(Extracted records)
----
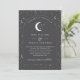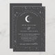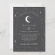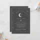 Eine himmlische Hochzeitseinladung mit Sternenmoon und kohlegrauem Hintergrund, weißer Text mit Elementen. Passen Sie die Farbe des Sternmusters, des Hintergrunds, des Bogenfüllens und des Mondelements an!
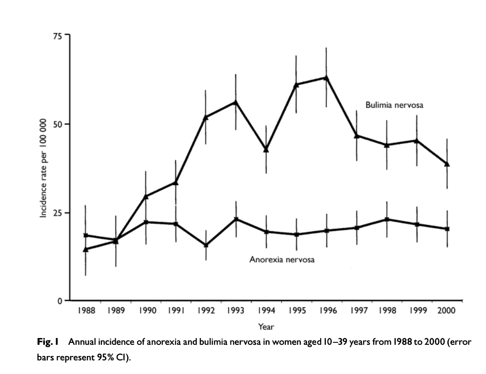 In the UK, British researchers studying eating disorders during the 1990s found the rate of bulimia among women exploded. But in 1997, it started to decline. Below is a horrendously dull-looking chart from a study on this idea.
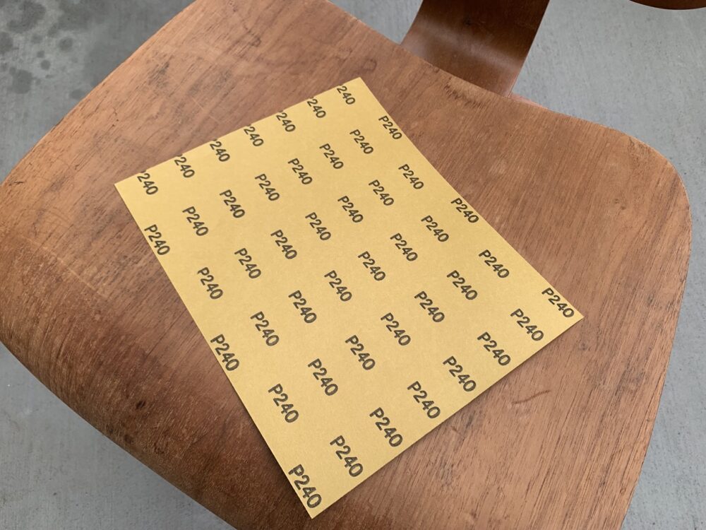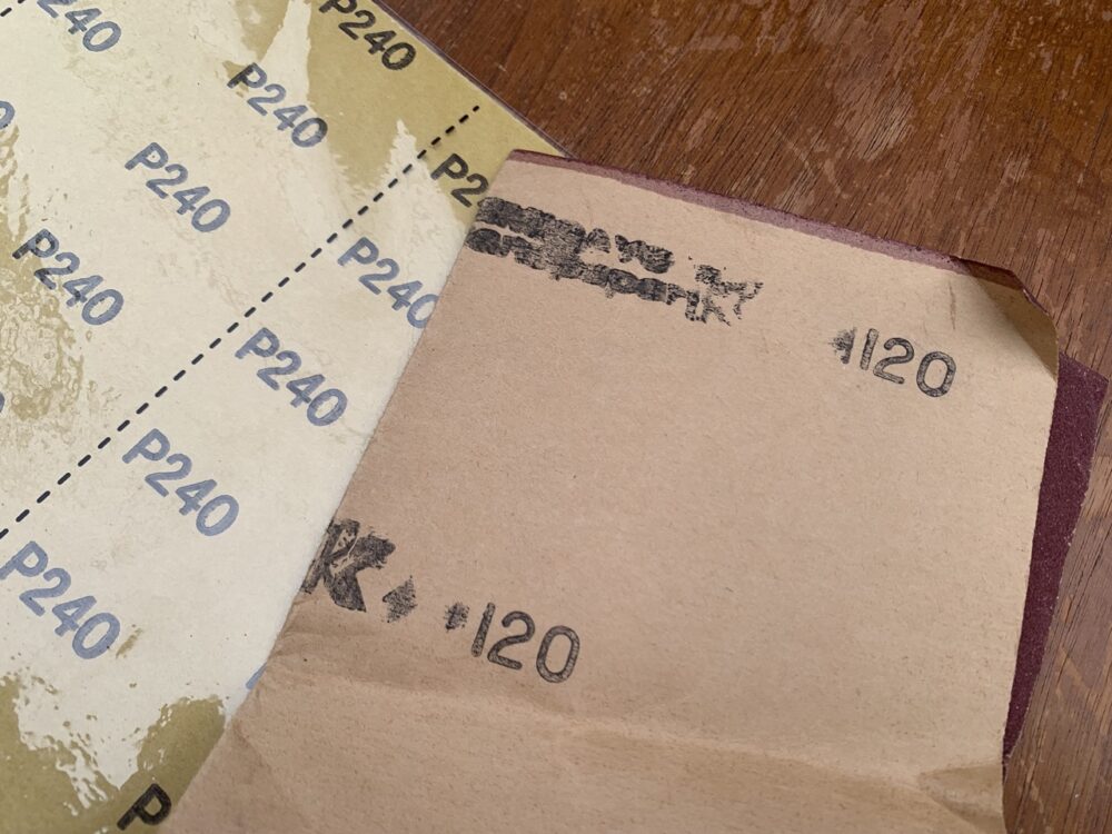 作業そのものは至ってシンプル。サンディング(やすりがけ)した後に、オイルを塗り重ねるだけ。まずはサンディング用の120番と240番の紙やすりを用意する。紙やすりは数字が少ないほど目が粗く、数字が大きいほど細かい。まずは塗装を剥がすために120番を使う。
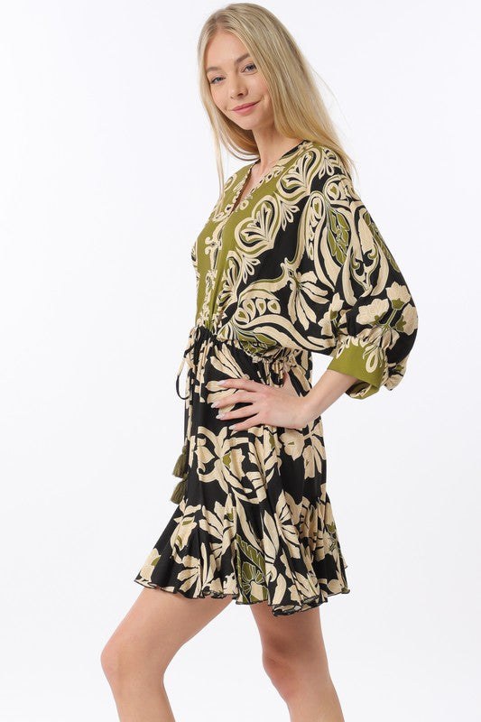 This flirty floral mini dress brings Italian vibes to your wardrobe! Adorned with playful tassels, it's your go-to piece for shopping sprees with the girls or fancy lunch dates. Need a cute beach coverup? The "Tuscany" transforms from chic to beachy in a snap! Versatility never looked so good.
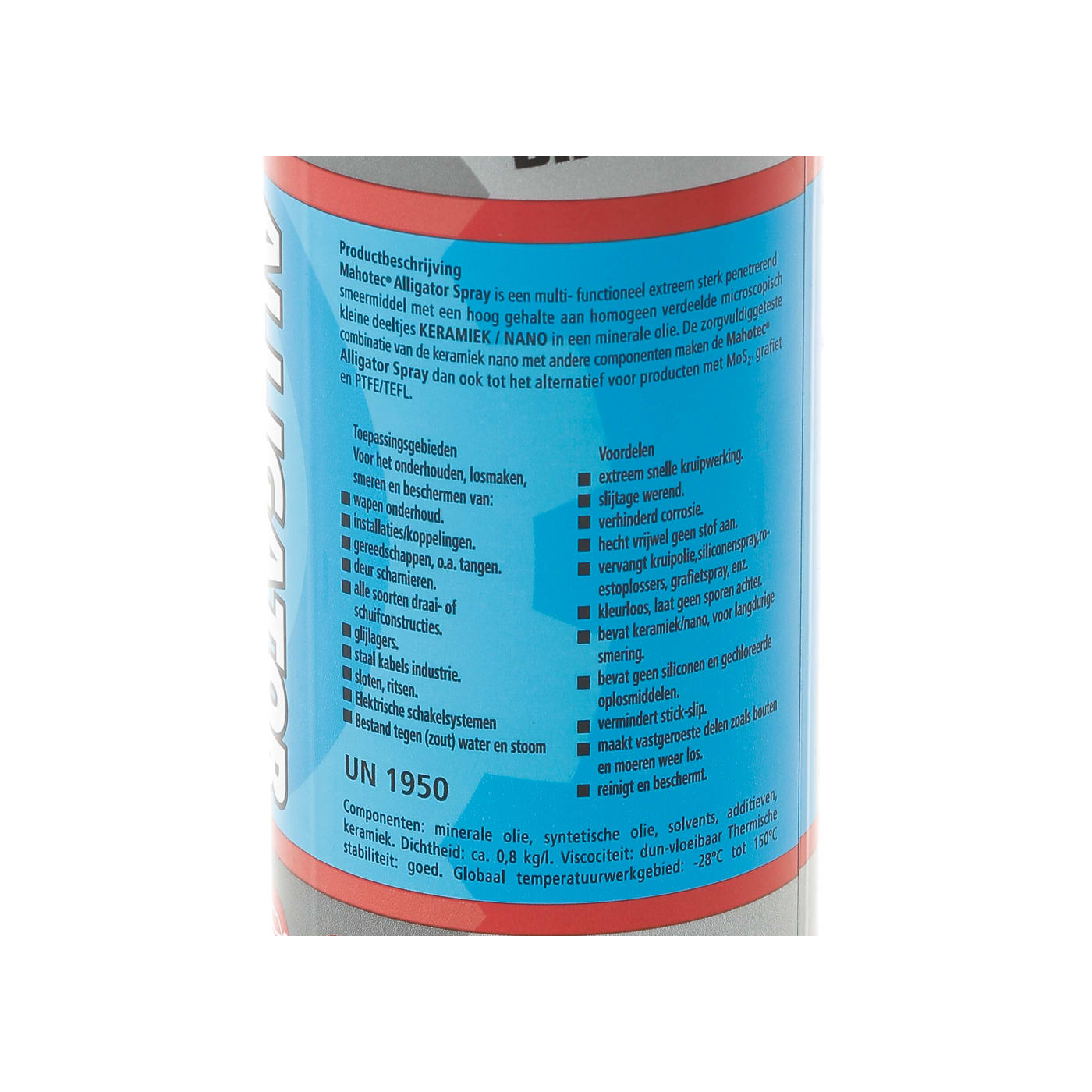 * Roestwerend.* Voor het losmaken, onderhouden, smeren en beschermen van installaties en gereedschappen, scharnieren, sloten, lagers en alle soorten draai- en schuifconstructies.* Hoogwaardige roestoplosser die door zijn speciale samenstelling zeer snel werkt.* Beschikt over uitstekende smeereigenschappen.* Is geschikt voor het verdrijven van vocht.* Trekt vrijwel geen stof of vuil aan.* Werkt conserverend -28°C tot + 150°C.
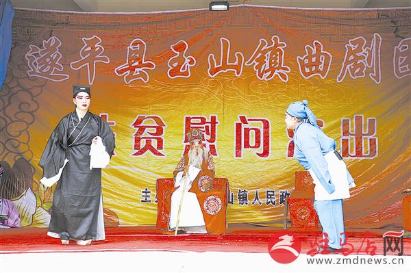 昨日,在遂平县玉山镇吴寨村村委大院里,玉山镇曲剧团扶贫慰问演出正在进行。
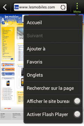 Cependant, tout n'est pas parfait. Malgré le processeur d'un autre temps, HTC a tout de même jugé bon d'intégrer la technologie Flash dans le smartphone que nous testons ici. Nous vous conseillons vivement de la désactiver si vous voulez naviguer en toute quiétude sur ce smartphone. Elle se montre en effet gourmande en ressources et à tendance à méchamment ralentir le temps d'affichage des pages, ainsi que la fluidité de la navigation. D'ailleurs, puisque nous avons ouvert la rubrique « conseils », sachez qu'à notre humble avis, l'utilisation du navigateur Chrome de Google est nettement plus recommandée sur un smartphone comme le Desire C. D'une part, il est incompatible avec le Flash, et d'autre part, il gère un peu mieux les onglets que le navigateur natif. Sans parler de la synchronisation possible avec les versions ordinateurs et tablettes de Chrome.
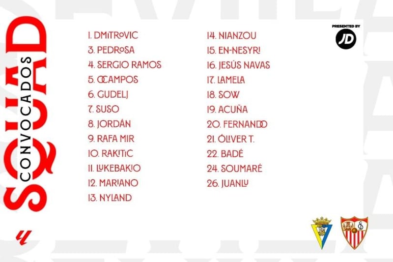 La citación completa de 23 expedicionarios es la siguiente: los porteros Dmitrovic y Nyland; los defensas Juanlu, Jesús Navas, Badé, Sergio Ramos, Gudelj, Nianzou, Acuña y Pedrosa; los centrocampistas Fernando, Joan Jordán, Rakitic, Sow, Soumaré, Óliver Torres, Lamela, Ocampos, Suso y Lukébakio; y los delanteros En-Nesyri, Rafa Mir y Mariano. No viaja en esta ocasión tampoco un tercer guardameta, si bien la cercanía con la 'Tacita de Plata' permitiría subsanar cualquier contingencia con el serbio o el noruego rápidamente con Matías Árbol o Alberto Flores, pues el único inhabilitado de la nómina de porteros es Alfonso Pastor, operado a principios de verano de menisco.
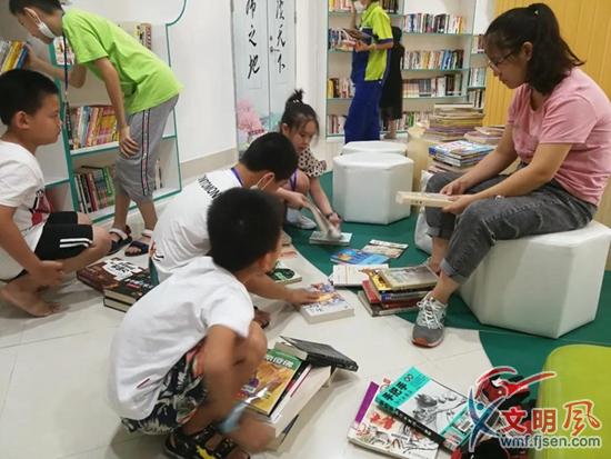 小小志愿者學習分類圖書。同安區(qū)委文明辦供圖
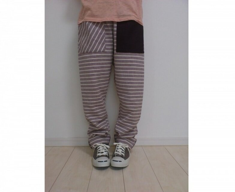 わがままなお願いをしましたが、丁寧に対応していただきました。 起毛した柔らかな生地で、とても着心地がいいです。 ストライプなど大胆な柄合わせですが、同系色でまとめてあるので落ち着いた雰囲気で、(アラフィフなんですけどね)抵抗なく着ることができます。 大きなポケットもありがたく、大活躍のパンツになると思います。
----
WHAT TO DO: Reproduce exactly the lines above that run from the one with "作業そのものは至ってシンプル" to the one with "昨日,在遂平县玉山镇吴寨村村委大院里,玉山镇曲剧团扶贫慰问演出正在进行。", both included, leaving pictures out.

EXERCISE ANSWER:
 作業そのものは至ってシンプル。サンディング(やすりがけ)した後に、オイルを塗り重ねるだけ。まずはサンディング用の120番と240番の紙やすりを用意する。紙やすりは数字が少ないほど目が粗く、数字が大きいほど細かい。まずは塗装を剥がすために120番を使う。
 This flirty floral mini dress brings Italian vibes to your wardrobe! Adorned with playful tassels, it's your go-to piece for shopping sprees with the girls or fancy lunch dates. Need a cute beach coverup? The "Tuscany" transforms from chic to beachy in a snap! Versatility never looked so good.
 * Roestwerend.* Voor het losmaken, onderhouden, smeren en beschermen van installaties en gereedschappen, scharnieren, sloten, lagers en alle soorten draai- en schuifconstructies.* Hoogwaardige roestoplosser die door zijn speciale samenstelling zeer snel werkt.* Beschikt over uitstekende smeereigenschappen.* Is geschikt voor het verdrijven van vocht.* Trekt vrijwel geen stof of vuil aan.* Werkt conserverend -28°C tot + 150°C.
 昨日,在遂平县玉山镇吴寨村村委大院里,玉山镇曲剧团扶贫慰问演出正在进行。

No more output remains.